Quagga mussel

The quagga mussel (Dreissena rostriformis, also known as Dreissena bugensis or Dreissena rostriformis bugensis) is a species (or subspecies) of freshwater mussel, an aquatic bivalve mollusk in the family Dreissenidae. It has an average life span of 3 to 5 years.[2]

Quagga mussel
One valve of Dreissena bugensis
Scientific classification
Kingdom: Animalia
Phylum: Mollusca
Class: Bivalvia
Subclass: Heterodonta
Order: Myida
Superfamily: Dreissenoidea
Family: Dreissenidae
Genus: Dreissena
Species:
D. bugensis
Binomial name
Dreissena bugensis
Synonyms

Dreissena rostriformis bugensis

It is indigenous to the Dnieper River drainage of Ukraine. The species is named after the quagga, an extinct subspecies of African zebra, possibly because, like the quagga, its stripes fade out towards the ventral side.

The quagga mussel is currently of major concern in the Great Lakes of North America as an invasive species brought by overseas shippers that use the St. Lawrence Seaway.

Appearance

The quagga mussel shell is generally black, yellow, and/or zig-zagged. However, there is a large range of shell morphologies, including a distinct morph in Lake Erie that is pale or completely white. The shell has a rounded carina and a convex ventral side.

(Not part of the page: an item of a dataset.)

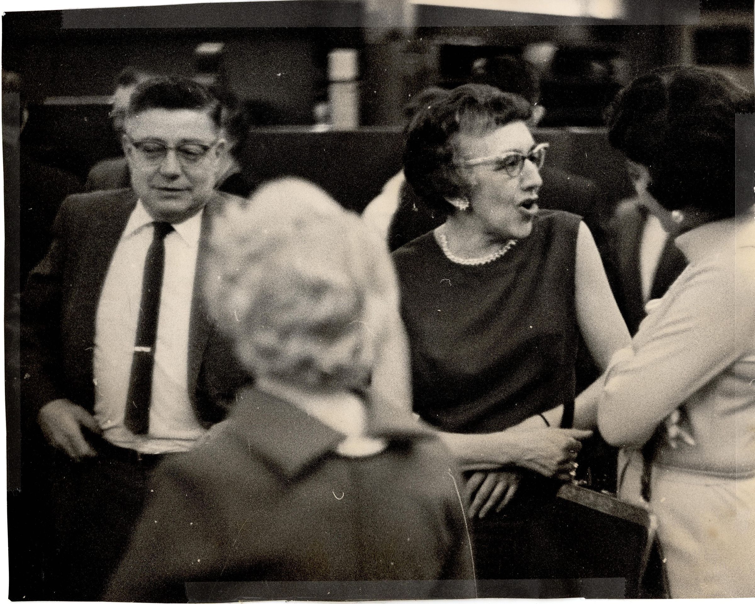 Black and white photograph of four individuals (one man and three women). Two of the woman are talking to one another, the man is pulling at his belt, and one woman is only seen from behind.Collection

The quagga mussel resembles the zebra mussel, just as its namesake (quagga) resembles the zebra. The quagga mussel shell can be distinguished from the zebra mussel shell because it is paler toward the end of the hinge. It is also slightly larger than the zebra mussel, about 20 millimetres (0.8 in) wide, roughly about the size of an adult human's thumbnail.

Quagga mussels in Lake Michigan sediment sample

Diet

The quagga mussel is a filter feeder. It uses its cilia to pull water into its shell cavity through an incurrent siphon and it is here that desirable particulate matter is removed. Each adult mussel is capable of filtering one or more liters of water each day, where they remove phytoplankton, zooplankton, algae, and even their own veligers. Any undesirable particulate matter is bound with mucus, known as pseudofeces, and ejected out the incurrent siphon. The particle-free water is then discharged out the excurrent siphon.

Reproduction

The quagga mussel is a prolific breeder, possibly contributing to its spread and abundance. Dreissena are dioecious (either male or female) with external fertilization. A fully mature female mussel is capable of producing up to one million eggs per year. After fertilization, pelagic microscopic larvae, or veligers, develop within a few days and these veligers soon acquire minute bivalve shells. Free-swimming veligers drift with the currents for three to four weeks feeding by their hair-like cilia while trying to locate suitable substrata to settle and secure byssal threads. Mortality in this transitional stage from planktonic veliger to settled juveniles may exceed 99%.[3] In 2019 the genome of a quagga mussel from the Danube river in Austria was sequenced, revealing how larvae use a system of intercellular 'cleavage cavities' and an expanded set of aquaporin transmembrane water channels for osmoregulation in low salinity freshwater environments during the early stages of their development.[4]

Invasive species

North America

Zebra mussels, the first dreissenid mussel introduced in North America, rapidly spread throughout many major river systems and the Great Lakes, causing substantial ecological and environmental impacts. The quagga mussel was first observed in North America in September 1989 when it was discovered in Lake Erie near Port Colborne, Ontario. It was not identified as a distinct species until 1991.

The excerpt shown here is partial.